Tejas Mane,Xiao Li,Mohammad Sadoghi,Mohsen Lesani
2024-12-03
Abstract:Fault-tolerant replicated database systems consume less energy than the compute-intensive proof-of-work blockchain. Thus, they are promising technologies for the building blocks that assemble global financial infrastructure. To facilitate global scaling, clustered replication protocols are essential in orchestrating nodes into clusters based on proximity. However, the existing approaches often assume a homogeneous and fixed model in which the number of nodes across clusters is the same and fixed, and often limited to a fail-stop fault model. This paper presents heterogeneous and reconfigurable clustered replication for the general environment with arbitrary failures. In particular, we present AVA, a fault-tolerant reconfigurable geo-replication that allows dynamic membership: replicas are allowed to join and leave clusters. We formally state and prove the safety and liveness properties of the protocol. Furthermore, our replication protocol is consensus-agnostic, meaning each cluster can utilize any local replication mechanism. In our comprehensive evaluation, we instantiate our replication with both HotStuff and BFT-SMaRt. Experiments on geo-distributed deployments on Google Cloud demonstrates that members of clusters can be reconfigured without considerably affecting transaction processing, and that heterogeneity of clusters may significantly improve throughput.
Distributed, Parallel, and Cluster Computing
What problem does this paper attempt to address?
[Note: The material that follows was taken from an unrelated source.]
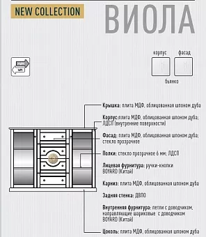 Все фасады серии Виола выполнены из качественного МДФ высшей категории с покрытием натуральным шпоном дуба. корпус выполнен по такой ше технологии. Декоративный элемент на фасаде изготовлен из литого полиуретана. Вся серия комплектуется современной фурнитурой производства Боярд - петли с доводчиками на дверках и ящики с доводчиками на современных направляющих системах.Кровати укоплектованы решеткой для матраса. При покраске используются итальянские лаки и современная система ультрафиолетовой сушки. Текстура дерева хорошо просматривается на фасадах издлеия что полностью показывает натуральность покрытия изделия натуральным шпоном дуба а мдф гарантирует вечьность и стабильность изделия при любых температурных перепадах что плачевно сказвается для изделий из полностью массива дерева. Очередной шедевр белорусской мебели ит фабрики Гомельдрев - мебель из массива дерева и комбинированных материалов. Прекрасная серия Виола в современном стиле для гостиной и спальни.

The main problems that this paper attempts to solve are the deficiencies of existing Byzantine fault - tolerant replication protocols in terms of scalability and dynamic membership management. Specifically: 1. **Existing cluster replication protocols are usually homogeneous and fixed**: that is, the number of nodes in each cluster is the same and fixed, which limits the flexibility and adaptability of the system. 2. **Existing systems are often limited to specific fault models (such as the stop - fault model)**, and cannot handle a wider range of fault types. 3. **Lack of support for heterogeneous environments**: the number of active nodes in different regions may be different, but existing systems cannot support this heterogeneity well. 4. **Lack of dynamic membership management**: existing cluster replication protocols usually do not allow nodes to join or leave the cluster dynamically, which limits the decentralization and flexibility of the system. To solve these problems, the paper proposes AVA (Adaptive and Versatile Architecture), a fault - tolerant and reconfigurable geo - replication protocol that allows nodes to join and leave the cluster dynamically and supports cluster replication in heterogeneous environments. The main features of AVA include: - **Support for heterogeneous clusters**: different clusters can have different numbers of nodes, so as to better adapt to the resource distribution in different regions. - **Dynamic membership management**: allows nodes to join and leave the cluster dynamically, enhancing the flexibility and decentralization characteristics of the system. - **Security and liveness guarantees**: the security and liveness properties of the protocol are proved by formal methods to ensure the correct operation of the system in any fault situation. - **Consensus - independence**: each cluster can choose different local replication mechanisms (such as HotStuff and BFT - SMaRt), enhancing the generality and flexibility of the system. Through these improvements, AVA aims to provide an efficient, flexible and secure solution for global distributed systems, especially suitable for building global financial infrastructure.